Data records
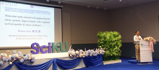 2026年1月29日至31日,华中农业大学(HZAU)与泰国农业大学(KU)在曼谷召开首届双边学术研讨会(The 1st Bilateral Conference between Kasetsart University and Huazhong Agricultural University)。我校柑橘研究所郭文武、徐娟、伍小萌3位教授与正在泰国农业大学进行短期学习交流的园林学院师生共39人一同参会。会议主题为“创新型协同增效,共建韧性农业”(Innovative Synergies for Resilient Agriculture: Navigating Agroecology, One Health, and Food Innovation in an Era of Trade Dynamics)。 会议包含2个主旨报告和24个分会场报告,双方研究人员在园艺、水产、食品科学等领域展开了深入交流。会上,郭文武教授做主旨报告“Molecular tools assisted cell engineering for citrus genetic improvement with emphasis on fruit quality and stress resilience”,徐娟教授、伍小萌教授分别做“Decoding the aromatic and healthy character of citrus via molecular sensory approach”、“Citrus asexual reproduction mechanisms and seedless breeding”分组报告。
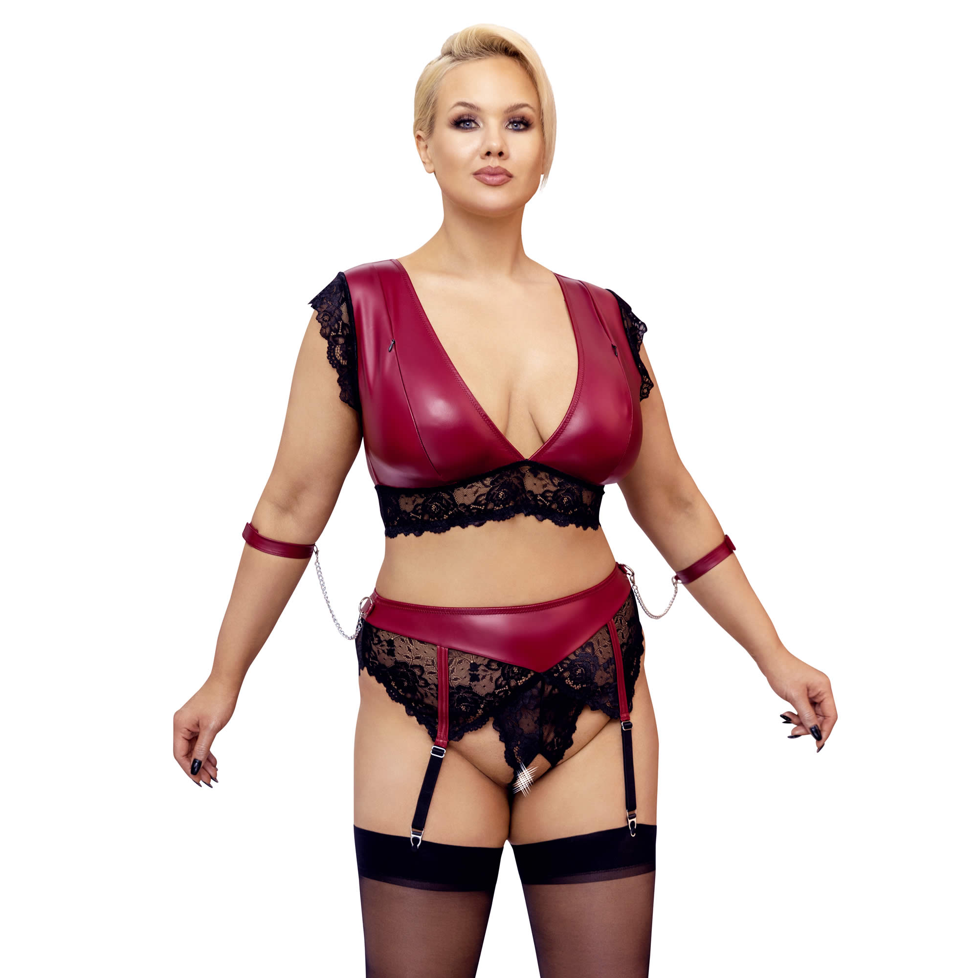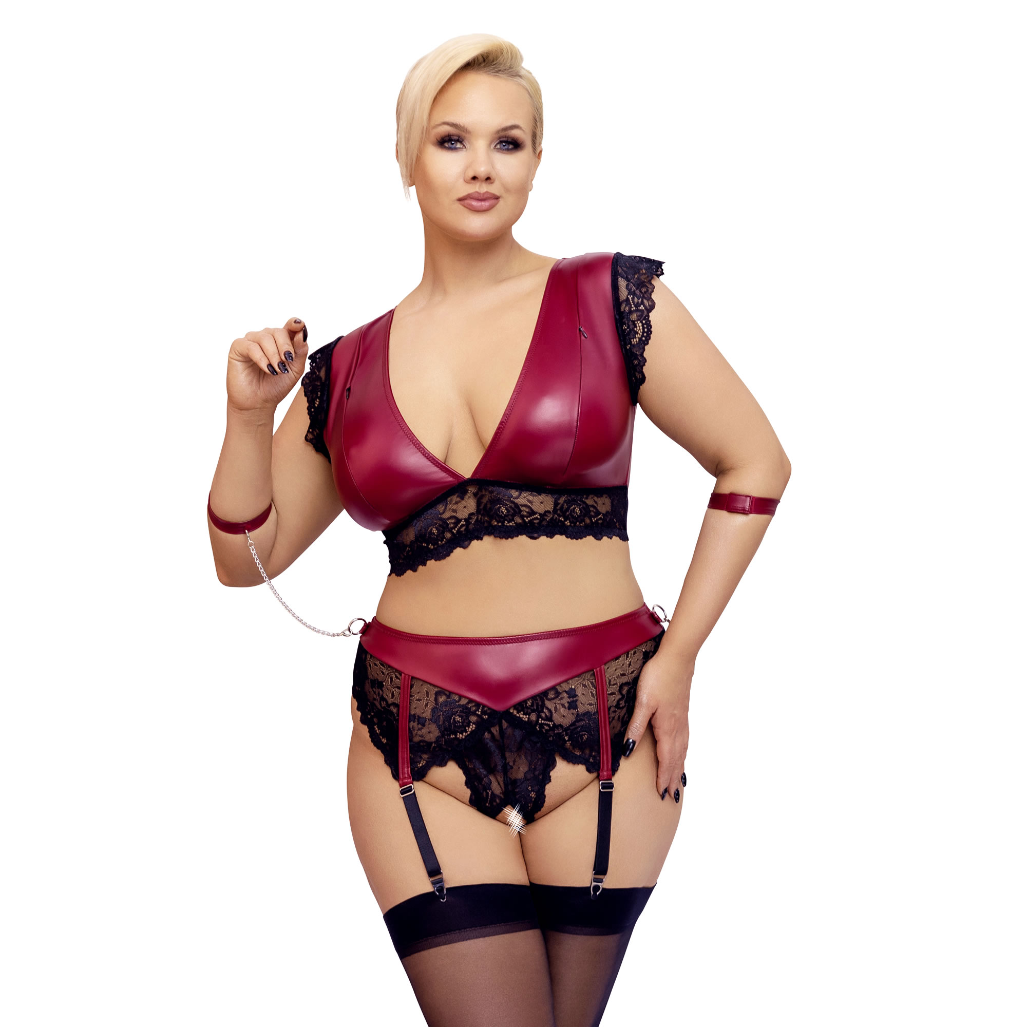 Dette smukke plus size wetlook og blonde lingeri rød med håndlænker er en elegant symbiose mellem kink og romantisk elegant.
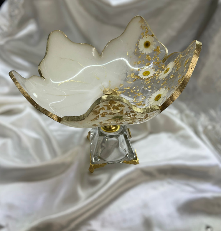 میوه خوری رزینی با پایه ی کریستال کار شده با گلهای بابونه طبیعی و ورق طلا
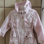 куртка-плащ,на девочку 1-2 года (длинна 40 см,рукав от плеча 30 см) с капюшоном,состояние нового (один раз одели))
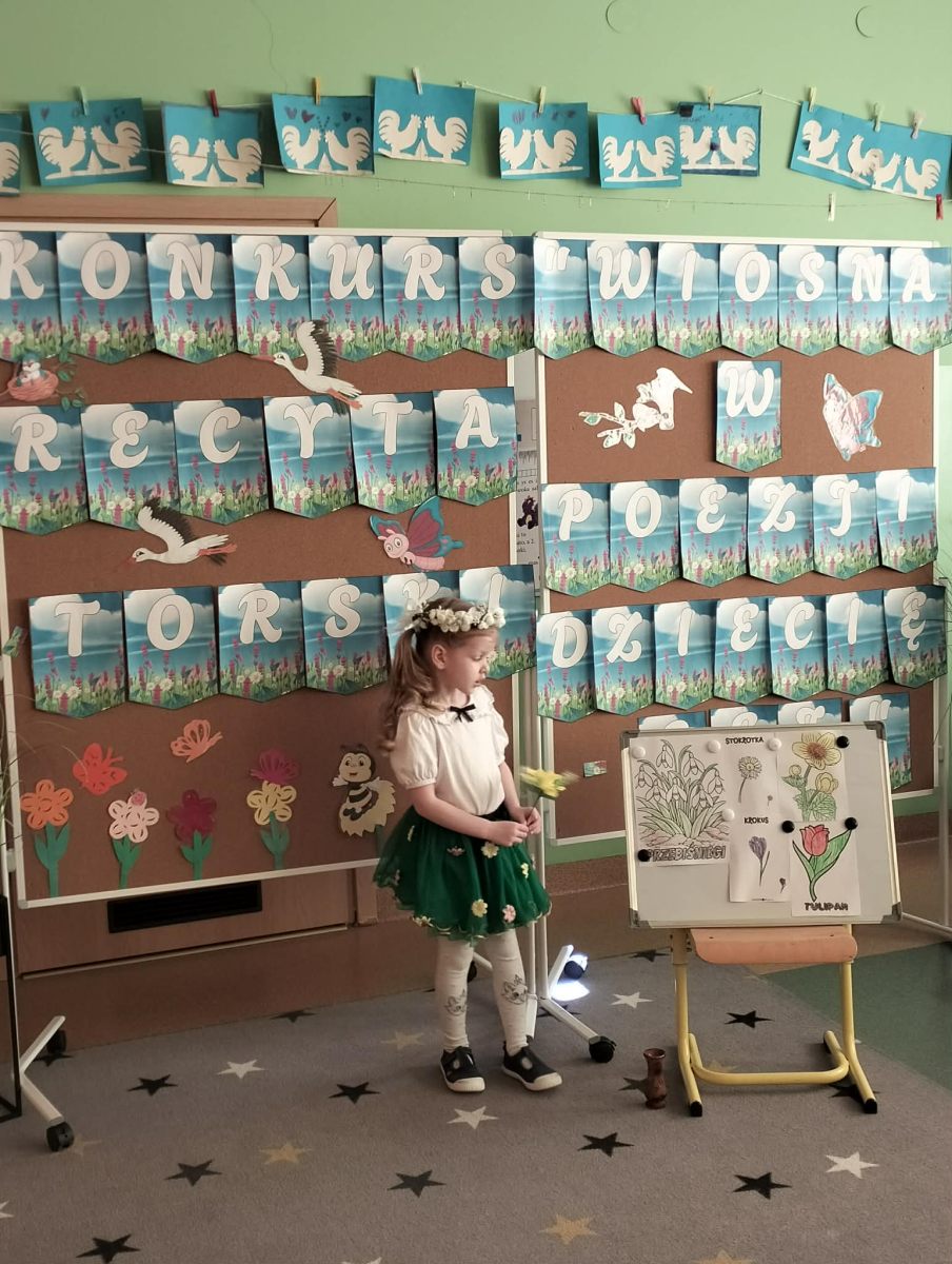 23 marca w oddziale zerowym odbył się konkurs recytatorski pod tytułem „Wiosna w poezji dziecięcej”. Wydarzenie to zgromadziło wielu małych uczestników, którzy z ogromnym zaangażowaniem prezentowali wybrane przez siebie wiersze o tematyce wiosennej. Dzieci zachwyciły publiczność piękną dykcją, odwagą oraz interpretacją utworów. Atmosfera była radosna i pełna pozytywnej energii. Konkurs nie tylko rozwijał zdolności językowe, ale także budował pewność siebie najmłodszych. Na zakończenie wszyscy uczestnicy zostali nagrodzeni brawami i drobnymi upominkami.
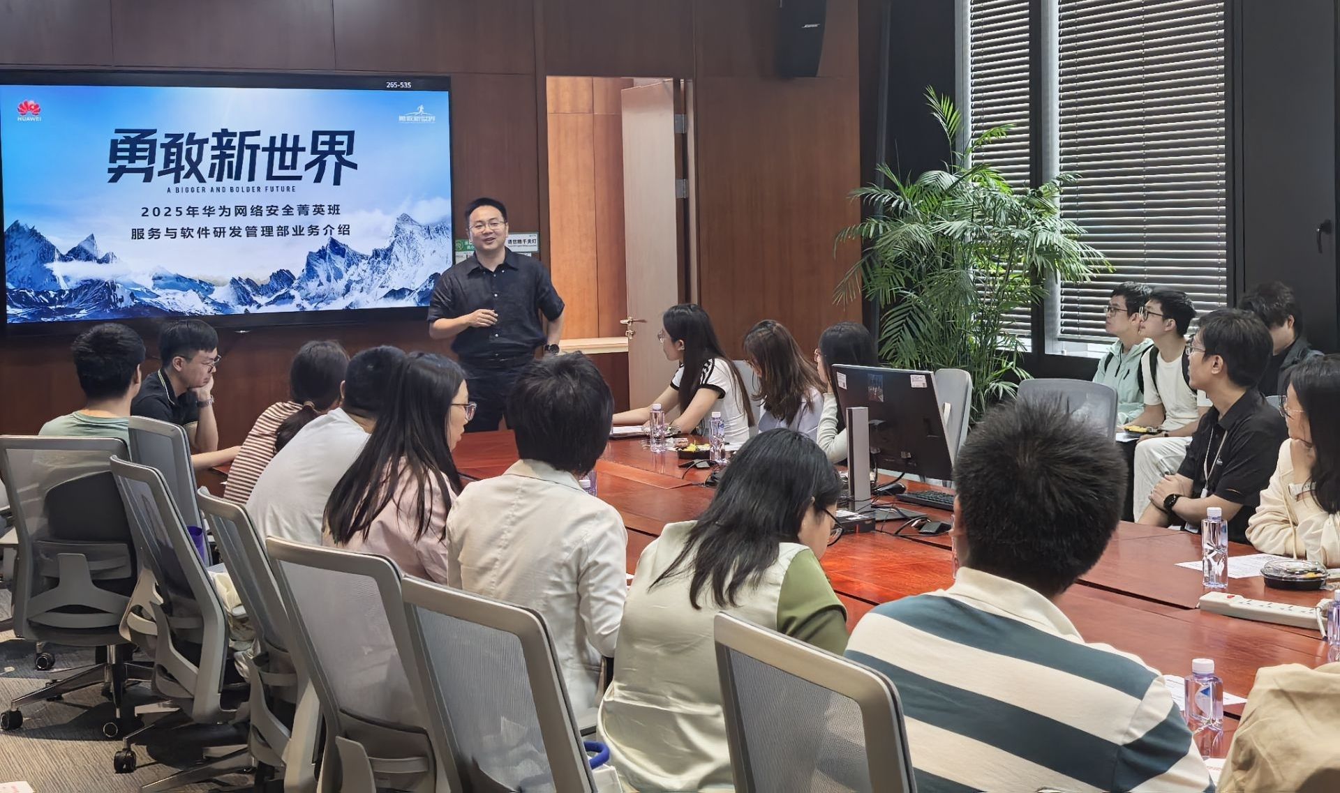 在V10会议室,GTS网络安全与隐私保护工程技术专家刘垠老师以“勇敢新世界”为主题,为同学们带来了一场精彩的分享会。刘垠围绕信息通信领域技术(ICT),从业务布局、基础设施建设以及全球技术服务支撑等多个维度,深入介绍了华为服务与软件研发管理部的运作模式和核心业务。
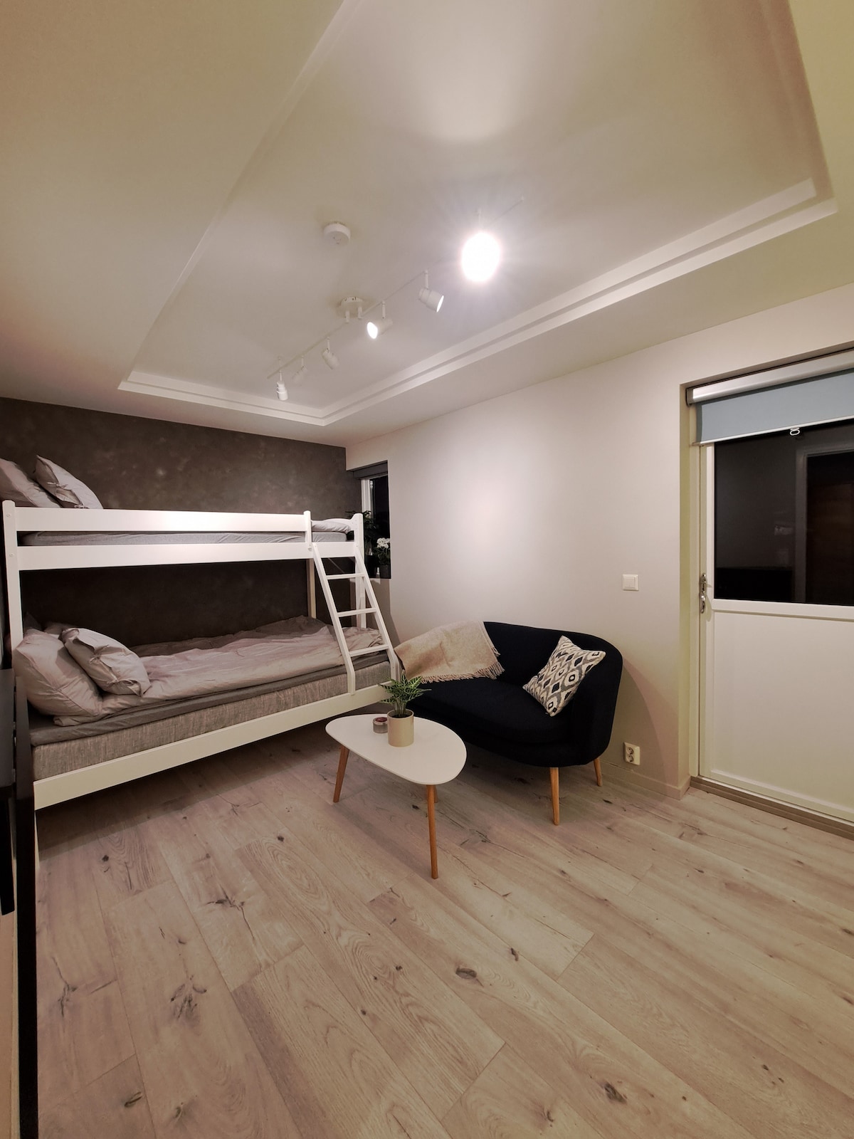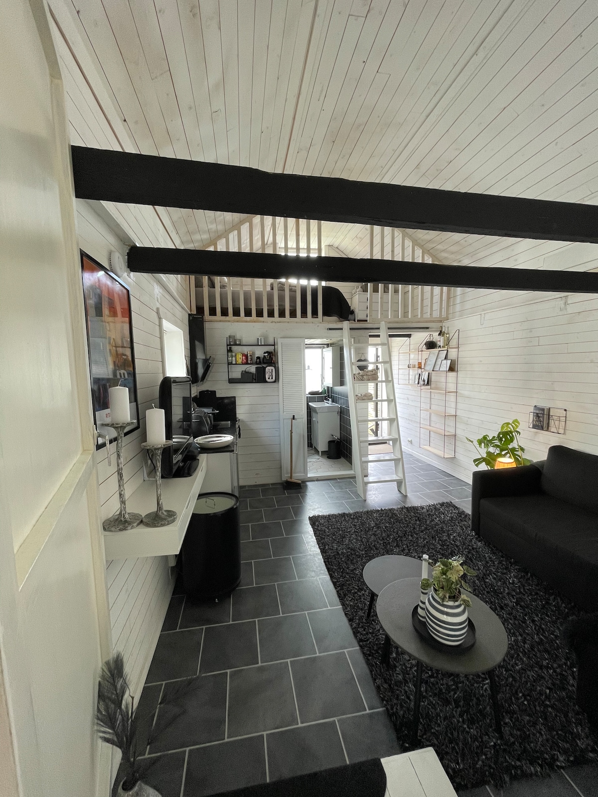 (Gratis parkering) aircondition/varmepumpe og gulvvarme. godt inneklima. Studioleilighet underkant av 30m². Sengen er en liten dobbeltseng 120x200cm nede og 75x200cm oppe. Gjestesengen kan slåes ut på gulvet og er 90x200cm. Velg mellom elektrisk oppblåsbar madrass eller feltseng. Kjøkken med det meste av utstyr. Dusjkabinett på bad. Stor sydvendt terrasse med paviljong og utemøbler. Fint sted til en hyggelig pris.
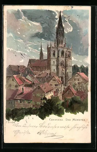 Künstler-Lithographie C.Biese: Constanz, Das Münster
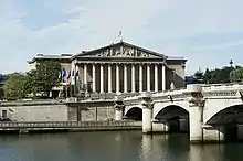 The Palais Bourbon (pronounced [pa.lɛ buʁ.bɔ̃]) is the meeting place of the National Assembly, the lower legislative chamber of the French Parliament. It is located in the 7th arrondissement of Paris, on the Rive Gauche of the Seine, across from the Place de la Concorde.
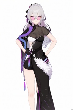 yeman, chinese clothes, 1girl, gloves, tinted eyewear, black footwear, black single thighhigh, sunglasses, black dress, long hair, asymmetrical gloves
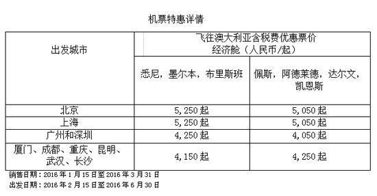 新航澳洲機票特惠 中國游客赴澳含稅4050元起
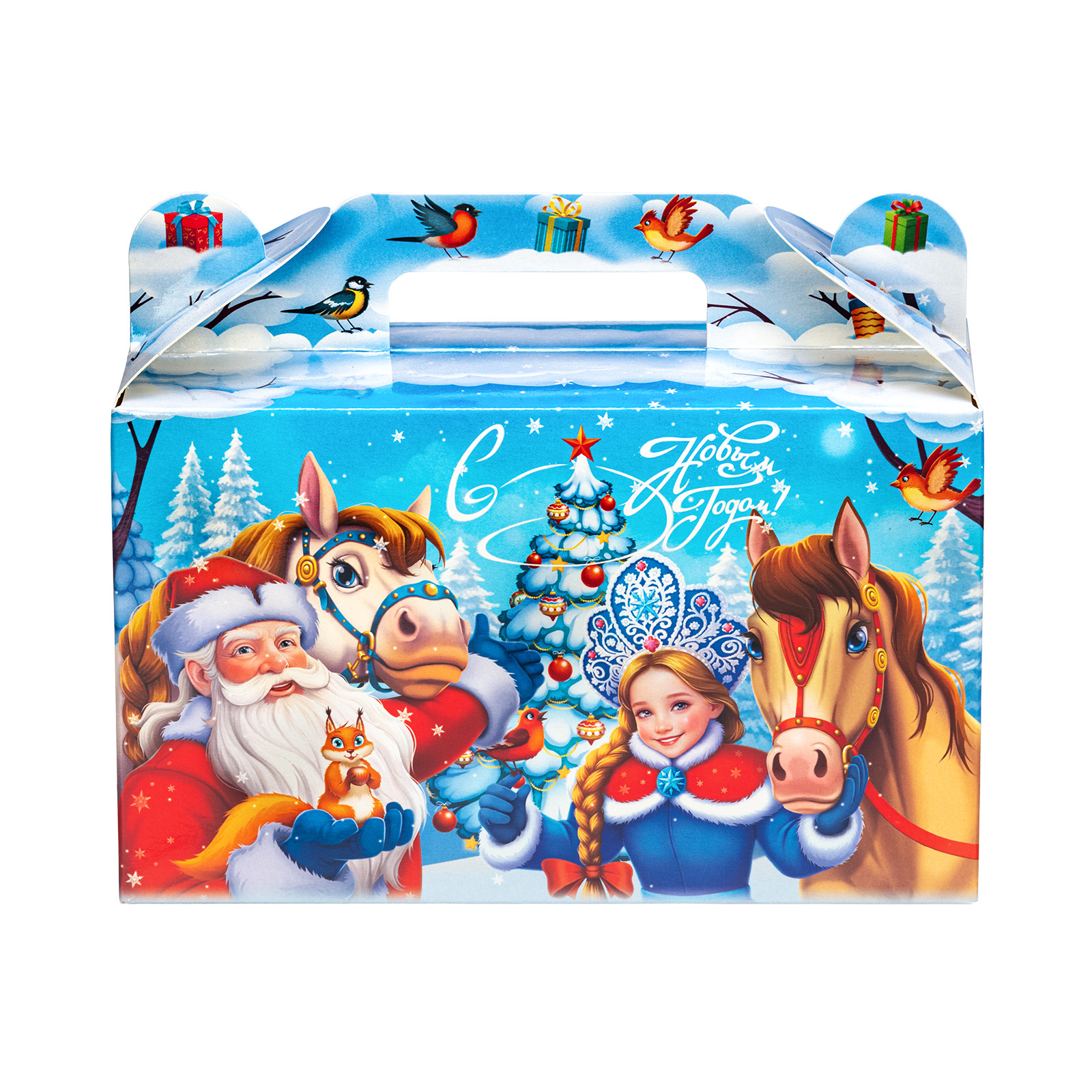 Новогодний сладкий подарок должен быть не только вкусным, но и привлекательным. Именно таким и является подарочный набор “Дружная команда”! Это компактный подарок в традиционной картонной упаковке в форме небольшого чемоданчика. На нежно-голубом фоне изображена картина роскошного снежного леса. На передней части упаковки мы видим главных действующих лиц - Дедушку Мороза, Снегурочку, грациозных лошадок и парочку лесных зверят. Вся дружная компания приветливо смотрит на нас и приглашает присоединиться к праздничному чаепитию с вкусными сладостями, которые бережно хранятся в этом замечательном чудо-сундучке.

■ **What the task asks**
From the line with "Künstler-Lithographie C.Biese: Constanz, Das" up to and including the line with "新航澳洲機票特惠 中國游客赴澳含稅4050元起" above, retype every line exactly and nothing more; leave out the pictures.

■ **Result**
 Künstler-Lithographie C.Biese: Constanz, Das Münster
 The Palais Bourbon (pronounced [pa.lɛ buʁ.bɔ̃]) is the meeting place of the National Assembly, the lower legislative chamber of the French Parliament. It is located in the 7th arrondissement of Paris, on the Rive Gauche of the Seine, across from the Place de la Concorde.
 yeman, chinese clothes, 1girl, gloves, tinted eyewear, black footwear, black single thighhigh, sunglasses, black dress, long hair, asymmetrical gloves
 新航澳洲機票特惠 中國游客赴澳含稅4050元起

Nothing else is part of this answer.